After a much publicized dinner with some of the tech industry's biggest names, President Barack Obama headed up to Oregon and visited Intel.
Obama went to Intel's large microprocessor factory in Hillsboro, Ore., and spoke to local students and high-tech factory workers. The site, which Intel says is one of the largest semiconductor research and manufacturing facilities in the world, played host to the President's latest speech on innovation. Over the past few weeks, the tech industry has been the focus of Obama's push for creating jobs.
It is a great honor to host President Obama. Our country and this company have been built on innovation, and manufacturing has been at the heart of America's economy for over a century. We share the President's belief that with a culture of innovation we can and will retain a vibrant economy based on industries of the future, Intel chief executive and president Paul Otellini said in a statement.
Otellini was recently named toPresident Obama's panel on jobs and competitiveness. The panel was created last month to help boost U.S. job creation and innovation, it is headed by General Electric Co. chief executive officer Jeffrey Immelt.
Intel showed off its Fab D1D, a wafer fabrication facility. It also said it plans to add 4,000 U.S. jobs in 2011, mainly in product development and R&D. Otellini also said Intel would invest $5 billion into building a new U.S. fabrication facility in Chandler, Ariz., to produce future microprocessors.
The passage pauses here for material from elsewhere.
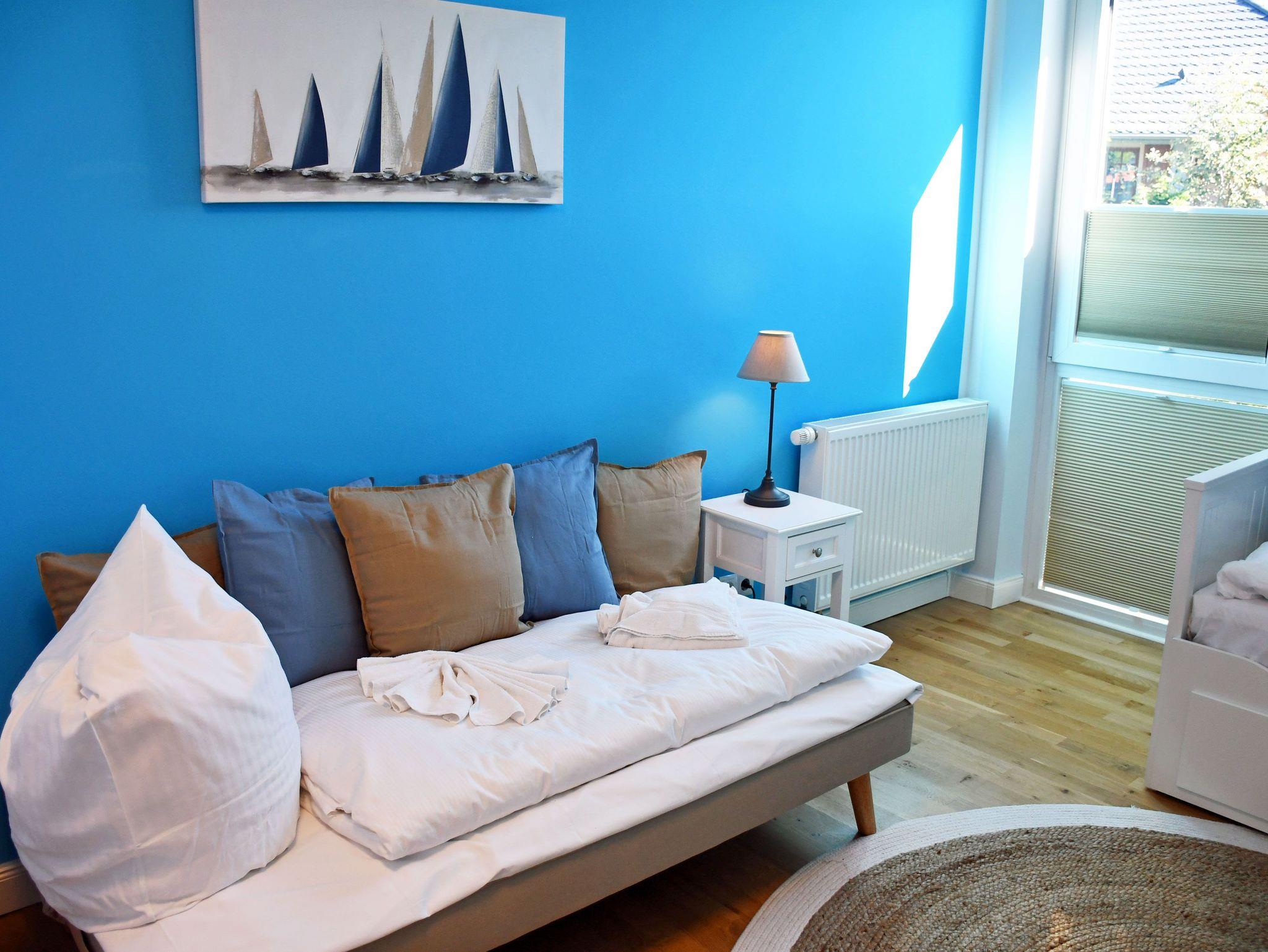 Unsere Maisonett-Ferienwohnungen 64 bietet Platz für 6 Gäste und ein Kind bis 3 Jahre im Kinderreisebett, sie wurden 2022 komplett renoviert und neu im modernen nördlich maritimen Stil eingerichtet.

This new factory will play a central role in extending Intel's unquestioned leadership in semiconductor manufacturing, Otellini said. The transistors and chips it will produce will be the most dynamic platform for innovation that our company has ever created. Together they will enable more capable computers, the most advanced consumer electronics and mobile devices, the brains inside the next generation of robotics, and thousands of other applications that have yet to be invented.
The company, which is the largest private employer in Oregon, recently announced plans to spend $6-8 billion over several years to upgrade several facilities in the state. This would create 6,000-8,000 additional construction jobs during the building phase, Intel said.